* Dataset records:

[Start of Attachment]

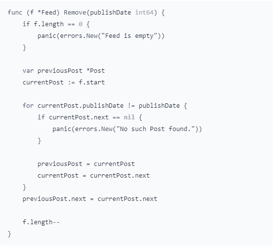 Функция Remove примет publishDate из Post в качестве аргумента, с помощью которого она определит, какой Post нужно удалить (или связь с каким Post нужно отменить). Функция довольно маленькая. Если она обнаружит, что элемент start Feed должен быть удален, то просто переназначит его start Feed второму элементу Post в Feed. В противном случае она перескакивает через каждый из Post’ов в Feed, пока не наткнется на Post, который соответствует тому publishDate, который был передан в качестве аргумента функции. Когда функция найдет и удалит нужный Post, она просто соединит предыдущий и следующий Post’ы.
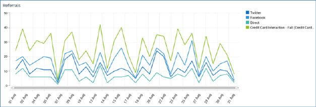 •If referred from an RPI offer or broadcast, ‘[Interaction Name] ([Offer Activity Name] / [Offer Activity Channel Name])’ is shown. Note that outbound or broadcast channels must be associated with a web events or Matomo adapter for referral results to be captured.
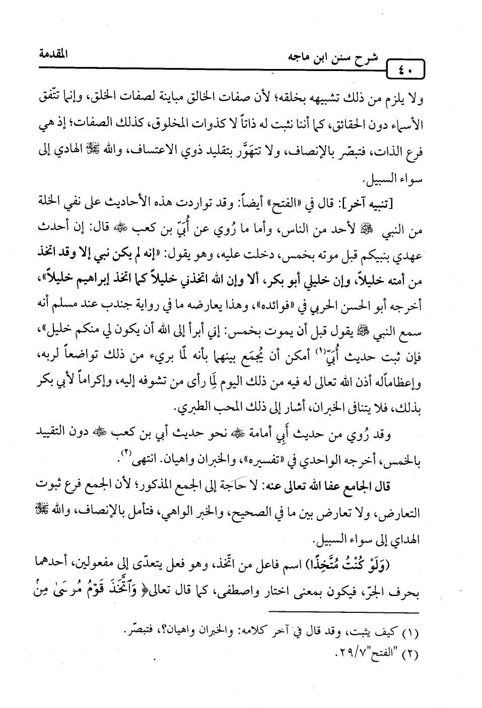 [تنبيه آخر]: قال في "الفتح" أيضًا: وقد تواردت هذه الأحاديث على نفي الخلة من النبي -صلى الله عليه وسلم- لأحد من الناس، وأما ما رُوي عن أُبَيّ بن كعب -رضي الله عنه- قال: إن أحدث عهدي بنبيكم قبل موته بخمس، دخلت عليه، وهو يقول: "إنه لم يكن نبي إلا وقد اتخذ من أمته خليلًا، وإن خليلي أبو بكر، ألا وإن الله اتخذني خليلًا كما اتخذ إبراهيم خليلًا"، أخرجه أبو الحسن الحربي في "فوائده"، وهذا يعارضه ما في رواية جندب عند مسلم أنه سمع النبي -صلى الله عليه وسلم- يقول قبل أن يموت بخمس: إني أبرأ إلى الله أن يكون لي منكم خليل"، فإن ثبت حديث أُبَيّ (¬1) أمكن أن يُجمَع بينهما بأنه لمّا بريء من ذلك تواضعًا لربه، وإعظامًا له أذن الله تعالى له فيه من ذلك اليوم لِمَا رأى من تشوفه إليه، وإكرامًا لأبي بكر بذلك، فلا يتنافى الخبران، أشار إلى ذلك المحب الطبري.
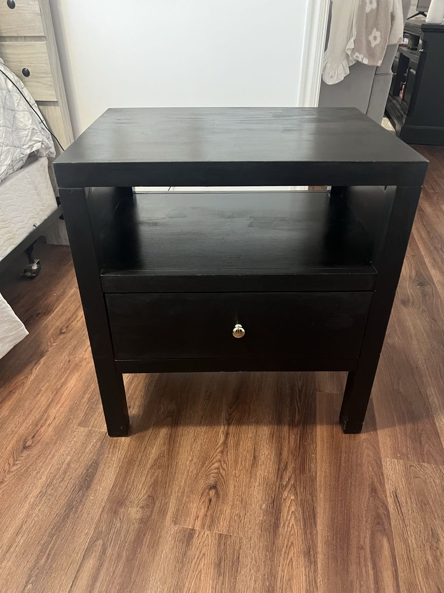 VenmoSelling a matching pair of black painted nightstands. These are great, sturdy pieces that offer a mix of open and closed storage.
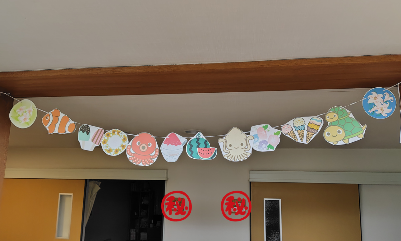 施設に飾っているガーランドを夏っぽくしましたよ!
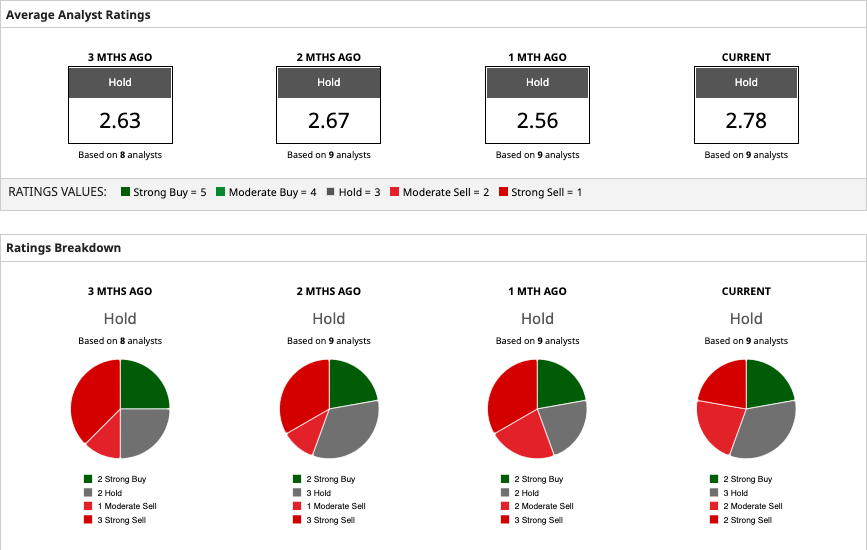 Out of the nine analysts covering SPCE, two recommend “strong buy,” three recommend “hold,” two recommend “moderate sell,” and two recommend “strong sell.”
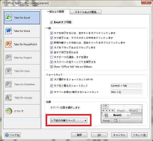 この設定画面で変えてるのは1つ。下にタブを配置するように変更してます。シートは下で切り替えると思うので、ブックもついでに下で切り替えられるようにしてます。シートは下でブックは上で…よりは、両方下にあった方が何も考えずに変更できると考えます。
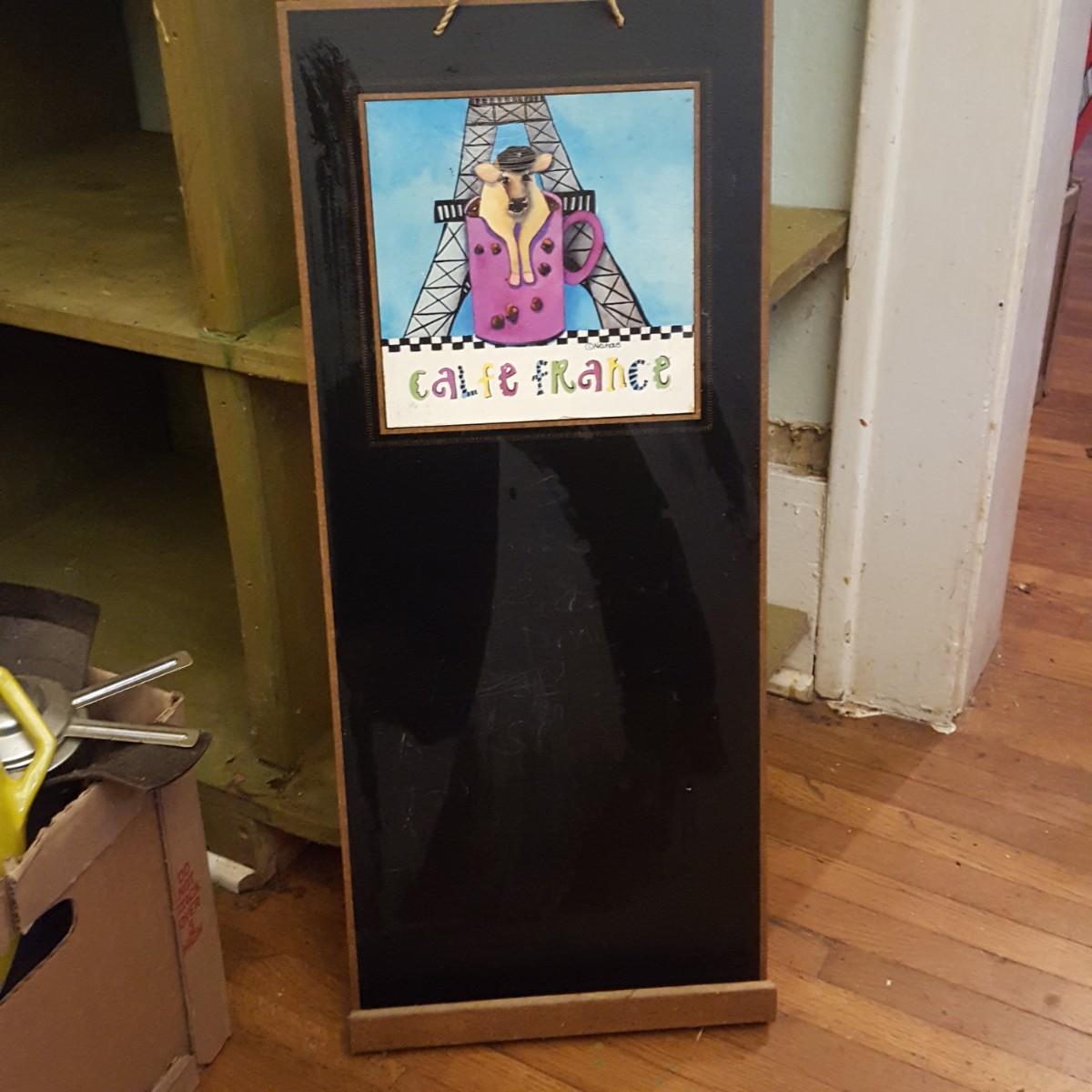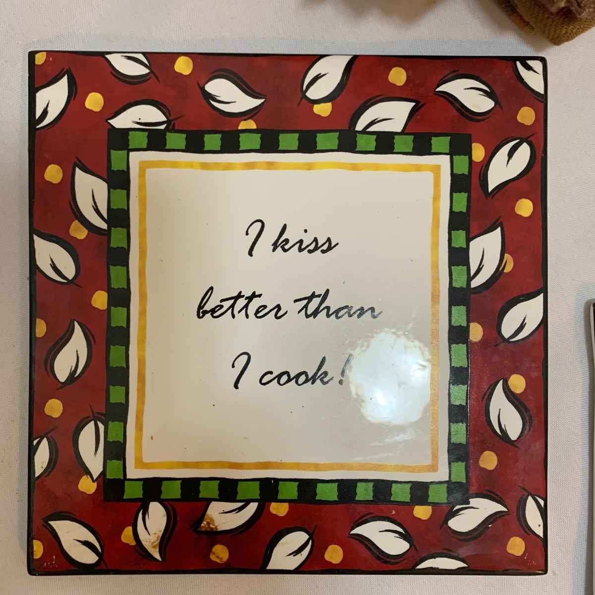 Lot 55 is all about the kitchen. This group features assorted table linen, cute tiles, cookbooks, and a French themed message board (10"X24"). It appears that the napkins are brand new! See pics for book titles and info. Local pickup only.
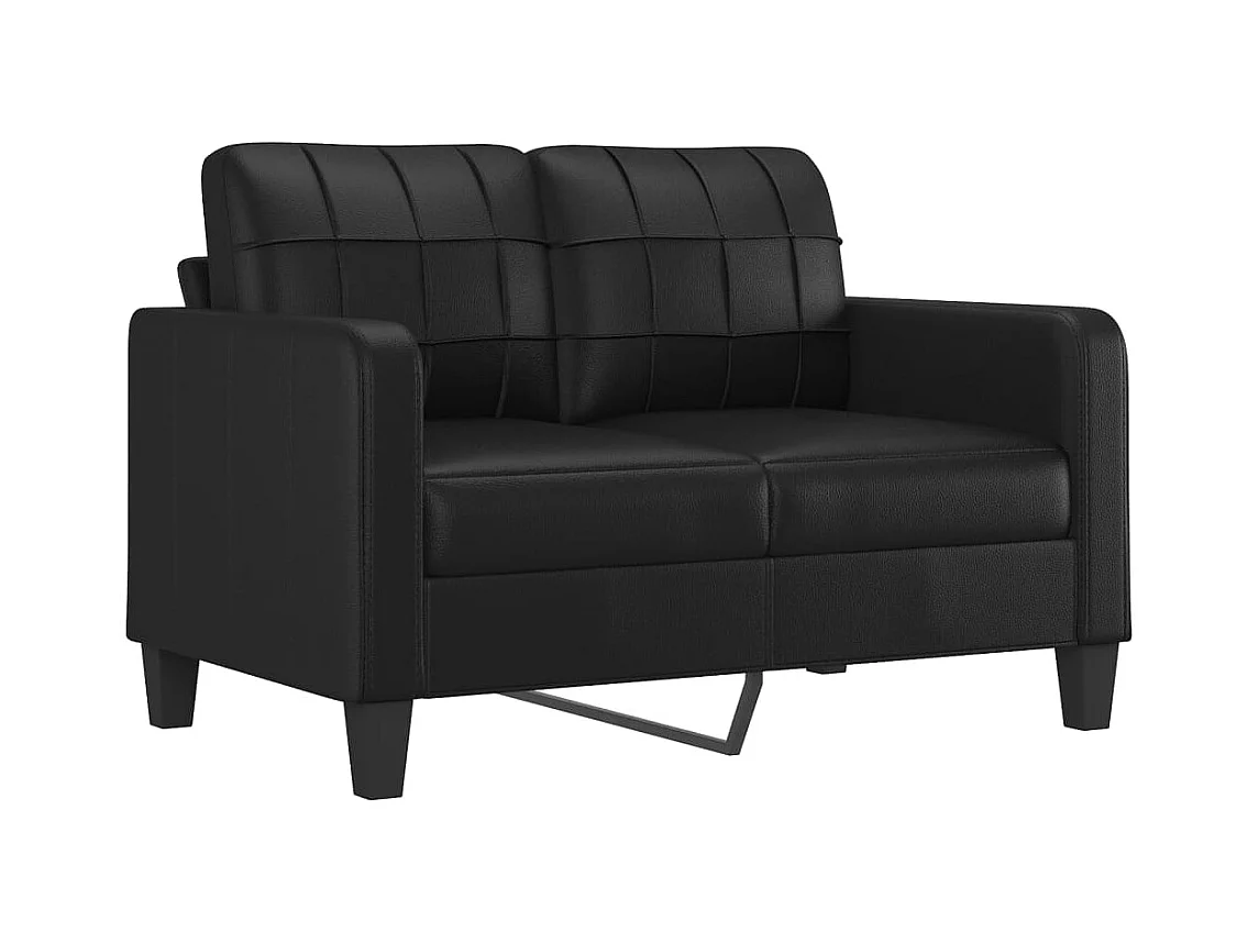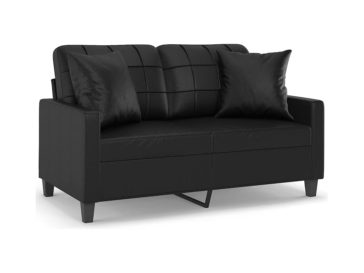 Divano 2 posti con cuscini decorativi in similpelle nera da 120 cm
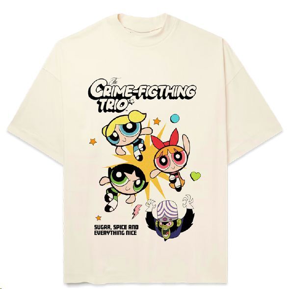 Camiseta de estilo urbano con un diseño fan art que rinde homenaje a un trío de heroínas animadas que reparten justicia con mucha energía y actitud. En el centro, tres figuras dinámicas surcan el aire mientras una criatura de aspecto villanesco las observa desde abajo.
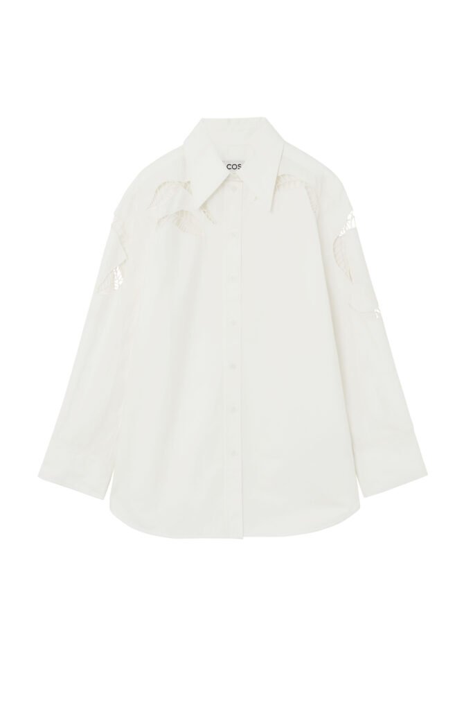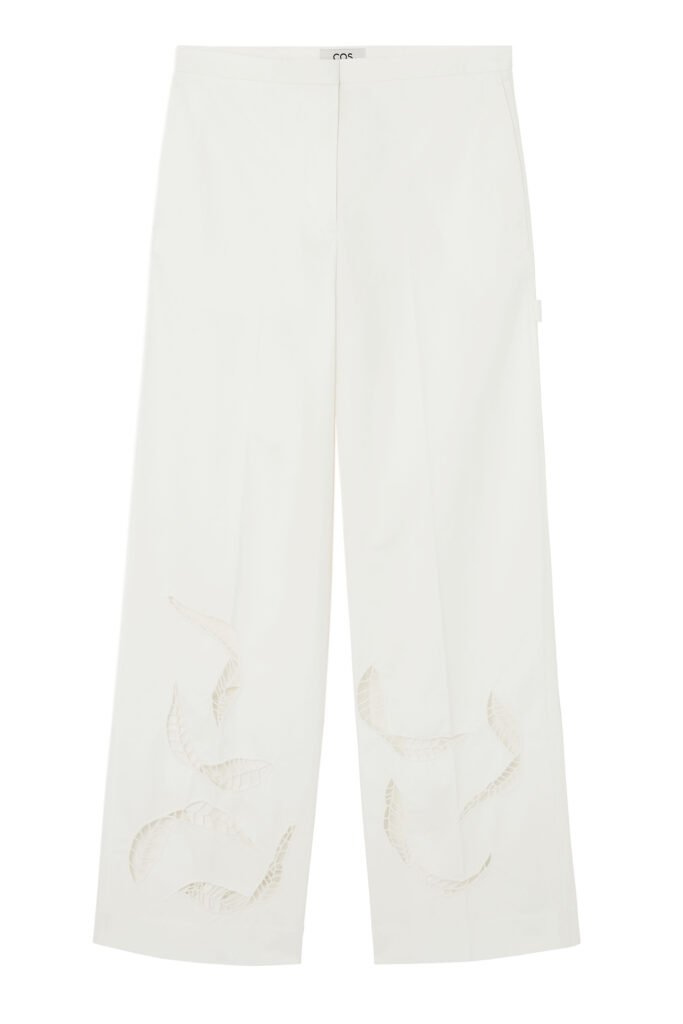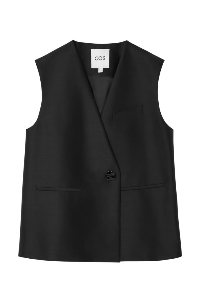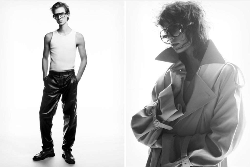 Los accesorios son de gran tamaño: un bolso de piel con un perfil holgado y relajado se convierte en el centro de atención, complementado por una selección de gafas de sol COS × LINDA FARROW inspiradas en la nostalgia, que completan el look de la temporada.
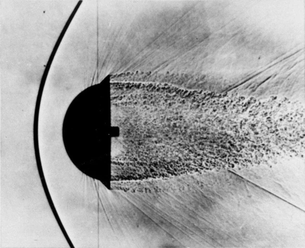 При сверхзвуковом обтекании сильно заострённых тел на их острой передней кромке возникает присоединённый скачок уплотнения[4][5]. Также присоединённый скачок уплотнения возникает и на хвостовой части тел, обтекаемых сверхзвуковым потоком (хвостовой скачок).
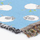 Eine, mit einem Muster der Comicschafe, auf einem Himmel-Blauhintergrund besonders anzufertigen Throw-Decke. Von einer wunderlichen Illustration durch Judy Adamson, können Sie die Skala des Schafmusters besonders anfertigen.
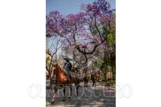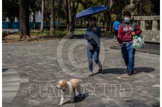 CIUDAD DE MÉXICO, 03MARZO2021.- Capitalinos buscan como resguardarse del sol y las altas temperaturas durante su visita al Centro Histórico perteneciente a la alcaldía Cuauhtémoc una de las 4 donde se activo la alerta naranja según informes de La Secretaría de Gestión Integral de Riesgos y Protección Civil. La Alameda Central avisa el próximo comienzo de la primavera con árboles llenos de Jacarandas. FOTO: ANDREA MURCIA /CUARTOSCURO.COM
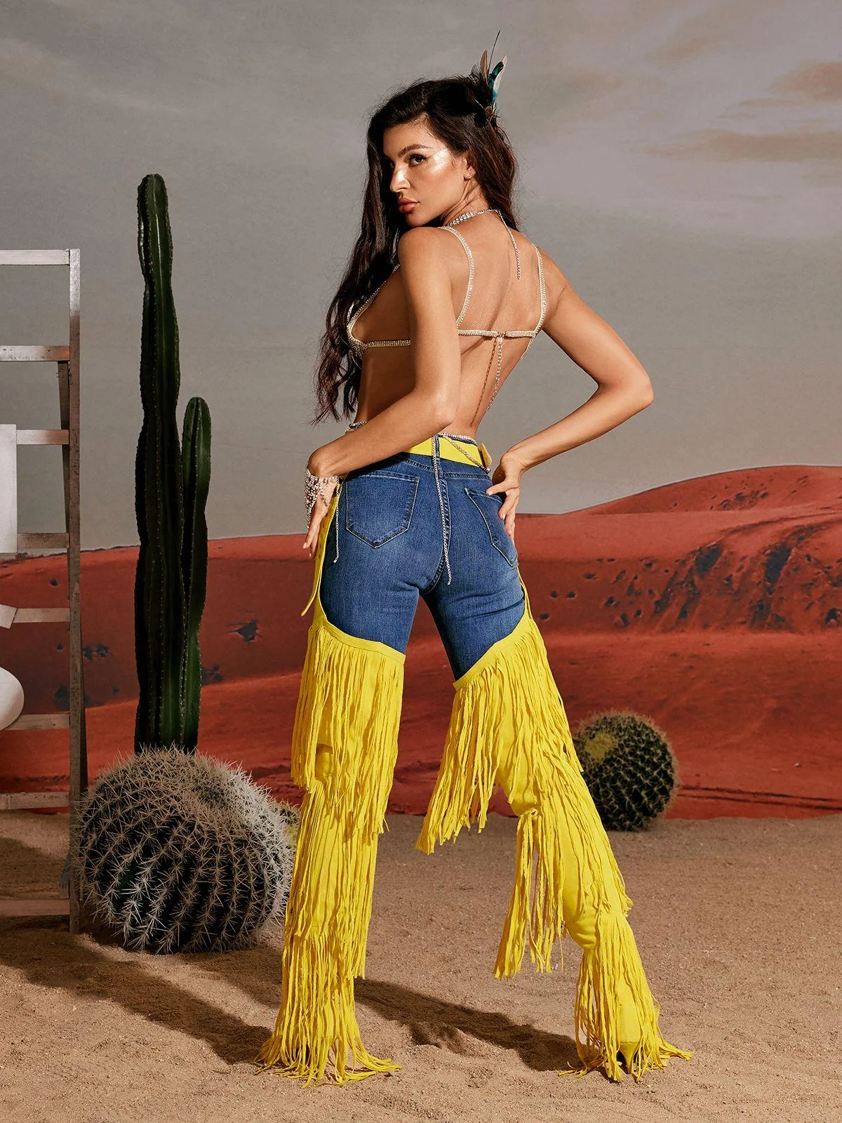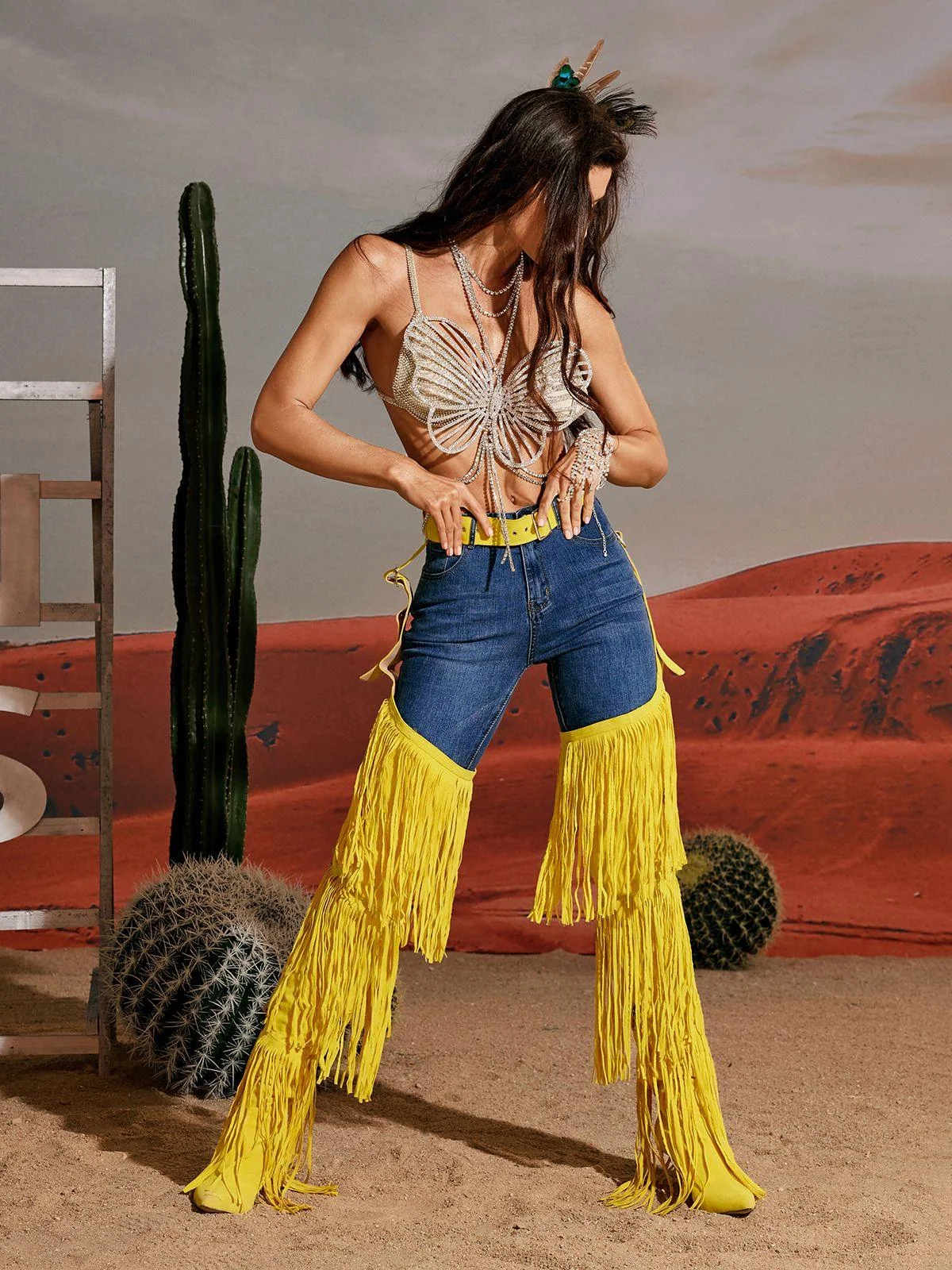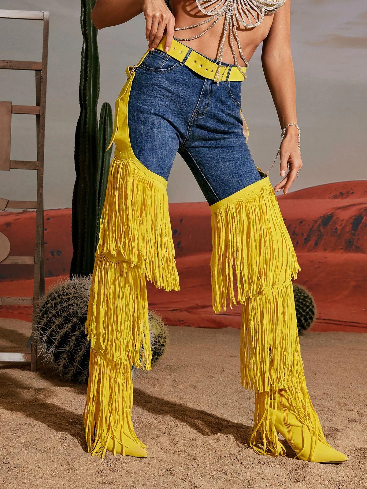 Elevate your fashion game with these Yellow Denim Fringe Boots. Crafted from unique denim material with playful fringe accents, these boots in sunny yellow add a vibrant touch to any outfit. The pointed toe and 10 cm heel make them both stylish and comfortable. Please note that the pants and boots are separate pieces, not attached.

[End of Attachment]

* Description of the task:
Copy only what lies between the line with "VenmoSelling a matching" and the line with "この設定画面で変えてるのは1", those two lines included, exactly as given above; pictures stay out.

* Response area:
 VenmoSelling a matching pair of black painted nightstands. These are great, sturdy pieces that offer a mix of open and closed storage.
 施設に飾っているガーランドを夏っぽくしましたよ!
 Out of the nine analysts covering SPCE, two recommend “strong buy,” three recommend “hold,” two recommend “moderate sell,” and two recommend “strong sell.”
 この設定画面で変えてるのは1つ。下にタブを配置するように変更してます。シートは下で切り替えると思うので、ブックもついでに下で切り替えられるようにしてます。シートは下でブックは上で…よりは、両方下にあった方が何も考えずに変更できると考えます。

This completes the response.